Reputation: 7733
I have 2 input columns such as Visit_start_date, Visit_type and one output column - Visit_end_date
I need to fill the values of Visit_end_date column based on the below condition
If visit_type column has values like "Outpatient" or "Emergency", then visit_end_date is same (equal) as visit_start_date. If it doesn't match, then I can just pick some random value from another column (Discharge Date)
I already tried this and unfortunately getting a number like '72842' as a value in visit_end_date column. It has to be in the date format.

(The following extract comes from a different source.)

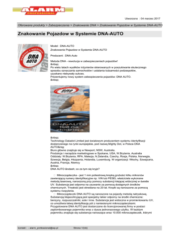 Utworzono : 04 marzec 2017 Oferowane produkty > Zabezpieczenia > Znakowanie DNA > Znakowanie Pojazdow w Systemie DNA-AUTO Znakowanie Pojazdow w Systemie DNA-AUTO Model : DNA-AUTO Znakowanie Pojazdow w Systemie DNA-AUTO Producent : DNA-Auto Metoda DNA - rewolucja w zabezpieczeniach pojazdów! Po wielu latach wysiłków inżynierów skierowanych w poszukiwanie skutecznego sposobu oznaczania samochodów i ustalania tożsamości podzespołów, uzyskano niebywały sukces. Prezentujemy nowy system zabezpieczenia pojazdów: DNA AUTO. Technology Datadot Limited jest światowym producentem systemu identyfikacji dostarczanego na rynki europejskie, pod nazwą Mighty Dot, w Polsce DNA AUTO® Biuro główne znajduje się w Newport, NSW, Australia. Produkcja i narzędzia marketingowe w Spokane, USA, W.Brytania, Australia Oddziały: W.Brytania, RPA, Malezja, N.Zelandia, Czechy, Rosja, Polska, Norwegia, Szwecja, Belgia, Hiszpania, Holandia, Luxemburg. W organizacji: Włochy, Szwajcaria, Austria, Francja, Niemcy DNA AUTO – co za tym się kryje? � Mikrocząsteczka - jest 1 mm poliestrową kropką grubości kilku mikronów zawierającą numery identyfikacyjne np. VIN lub PESEL właściciela wykonane metodą laserową, nanoszoną przy pomocy substancji klejącej widocznej w świetle UV. Substancja jest odporna na usuwanie za pomocą dostępnych środków chemicznych. Trwałość jest określana na 20 lat. Kropki są nanoszone za pomocą systemu rozpylania. � Mikrocząsteczki DNA AUTO są nanoszone na pojazdy metodą natryskową. Substancją klejaco/kryjącą jest specjalny lakier odporny na środki chemiczne: benzyny, rozpuszczalniki, sole i inne. Substancja jest widoczna w promieniowaniu UV, co umożliwia łatwą identyfikację pól z naniesionymi mikrocząsteczkami. Przygotowane DNA AUTO jest dostarczane do licencjonowanej firmy w postaci zaplombowanego pojemnika wraz z dysza jednorazowego użytku. W każdym pojemniku znajduje się substancja nanosząca wraz 10.000 mikrocząsteczek, którymi kontakt : - [email protected] Strona 1/{nb} Utworzono : 04 marzec 2017 Oferowane produkty > Zabezpieczenia > Znakowanie DNA > Znakowanie Pojazdow w Systemie DNA-AUTO Znakowanie Pojazdow w Systemie DNA-AUTO pokrywa się w samochodzie ok. 42 „strategicznych” miejsc. Duża ilość mikrocząsteczek, w połączeniu z natryskiwaniem miejsc trudnodostępnych powoduje ze tak oznakowany pojazd przestaje być atrakcyjnym celem dla przestępcy. Ich usuniecie w celu nadania pojazdowi nowych cech identyfikacyjnych jest wręcz niemożliwe i nieopłacalne. Zastosowanie DNA AUTO powoduje, że próby (przez przestępców) zmiany tożsamości samochodu poprzez tzw. „wszczepienie” nowych numerów identyfikacyjnych takich jak numer VIN w celu nadania cech legalności pojazdu jest bezskuteczne. Jest też w sposób bardzo prosty możliwa precyzyjna identyfikacja części i podzespołów pochodzących z kradzieży. Cena : 0,00 zł Brutto ( 0,00 zł Netto) Dostępność: Produkt dostępny w naszym sklepie od 23 listopad 2010 kontakt : - [email protected] Strona 2/{nb}

Please note that Admit Date in dataframe is of the format "6/8/2169" and discharge date is of the format '85466.75694'
DF %>%
mutate(visit_start_date = as.Date(.$Admit_Date,format = "%m/%d/%Y")) %>% #dates in raw file are in the format as specified in the code
mutate(visit_end_date = ifelse((.$Enc_Type == 'Outpatient'|.$Enc_Type == 'Emergency'),visit_start_date, as.Date(.$Discharge_Date,origin ='1970-01-01')))}
I expect the output to be "2169-06-08" in both visit_start_date and visit_end_date column. Currently it is "2169-06-08" in visit_start_date and 72842 in visit_end_date as shown in screenshot below.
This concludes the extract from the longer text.